Yes, your understanding is correct. 
Basically, there is an external function which pushes an object into a job 
queue. And another separate process running which reads off the queue. 
The code is already setup to use pipe(), write(), read() and libev but I am 
working on switching it to use libuv. I've had some more success using 
uv_poll_t and pipe(), write(), read() but it sounds like uv_async_t might 
be a more elegant solution.

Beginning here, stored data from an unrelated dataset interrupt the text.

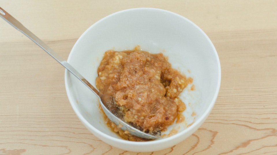 ② ①の梅肉と味噌を1対1の割合で混ぜ合わせる。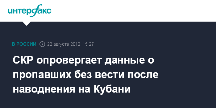 СКР опровергает данные о пропавших без вести после наводнения на Кубани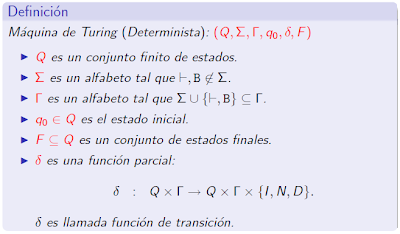 Máquina de Turing No determinista: La máquina de Turing No determinista es aquella que para un estado actual y el símbolo actual de la cinta, puede haber un número finito de movimientos a elegir. Por lo tanto, la regla de transición d de dicha máquina, satisface

I will give it a try, thank you for help!



On Wednesday, December 29, 2021 at 6:13:36 AM UTC-5 Ben Noordhuis wrote:

> On Tue, Dec 28, 2021 at 10:29 PM Emmanuel Schmidbauer
> <e.schm...@gmail.com> wrote:
> >
> > Hello,
> > I'm trying to integrate existing code that uses pipe() and write() into 
> libuv
> > I've been hacking my way through it as I'm not a libuv expert. But i've 
> come up with a solution that works but maybe not "correct". The "publish" 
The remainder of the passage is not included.